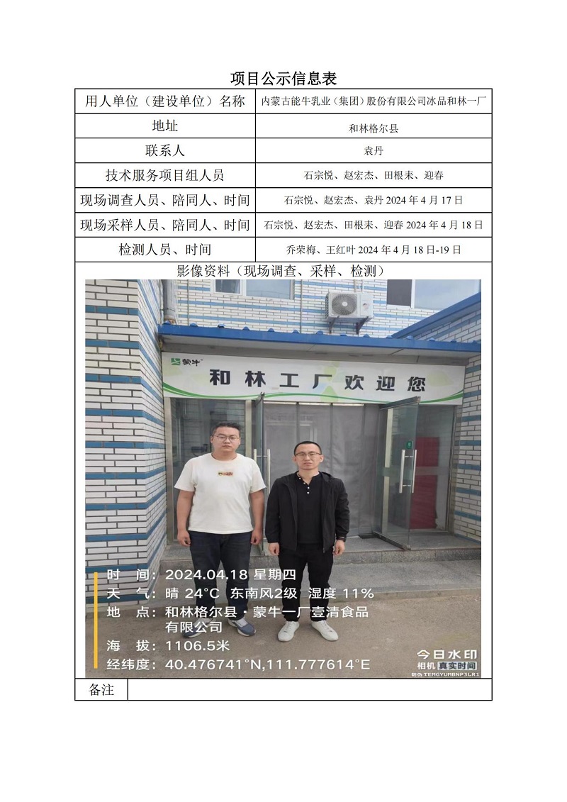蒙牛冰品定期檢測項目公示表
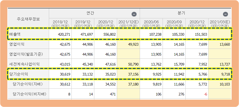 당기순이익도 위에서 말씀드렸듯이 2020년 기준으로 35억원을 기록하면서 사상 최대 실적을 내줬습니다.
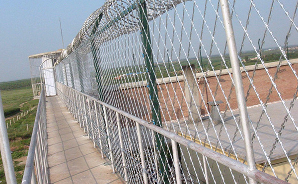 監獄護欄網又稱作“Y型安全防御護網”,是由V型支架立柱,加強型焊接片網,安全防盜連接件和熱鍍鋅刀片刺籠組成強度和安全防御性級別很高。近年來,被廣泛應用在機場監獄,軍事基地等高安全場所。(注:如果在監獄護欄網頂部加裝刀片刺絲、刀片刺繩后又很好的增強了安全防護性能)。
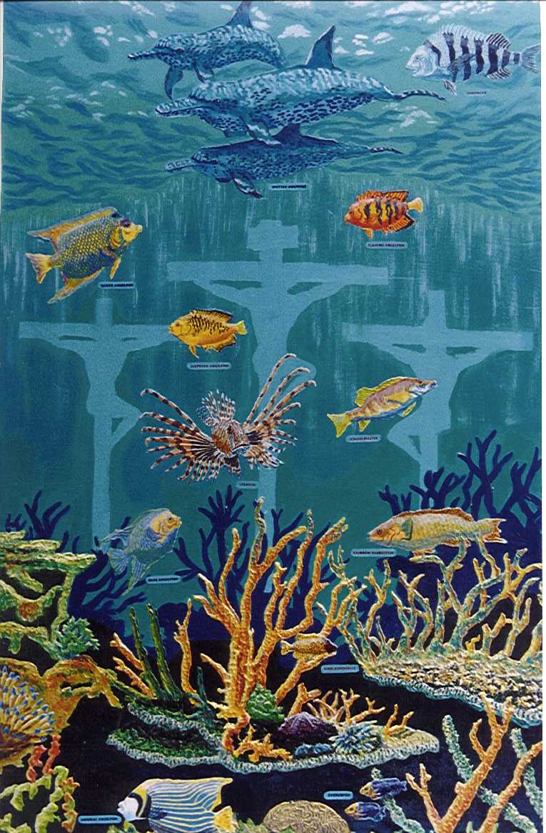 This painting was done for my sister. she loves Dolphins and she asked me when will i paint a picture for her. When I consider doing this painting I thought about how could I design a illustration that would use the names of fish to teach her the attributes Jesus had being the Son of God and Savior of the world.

====

(BRIEF): When you write out the material above, keep every line exact and drop each picture.

(RESULT):
蒙牛冰品定期檢測項目公示表
 당기순이익도 위에서 말씀드렸듯이 2020년 기준으로 35억원을 기록하면서 사상 최대 실적을 내줬습니다.
 監獄護欄網又稱作“Y型安全防御護網”,是由V型支架立柱,加強型焊接片網,安全防盜連接件和熱鍍鋅刀片刺籠組成強度和安全防御性級別很高。近年來,被廣泛應用在機場監獄,軍事基地等高安全場所。(注:如果在監獄護欄網頂部加裝刀片刺絲、刀片刺繩后又很好的增強了安全防護性能)。
 This painting was done for my sister. she loves Dolphins and she asked me when will i paint a picture for her. When I consider doing this painting I thought about how could I design a illustration that would use the names of fish to teach her the attributes Jesus had being the Son of God and Savior of the world.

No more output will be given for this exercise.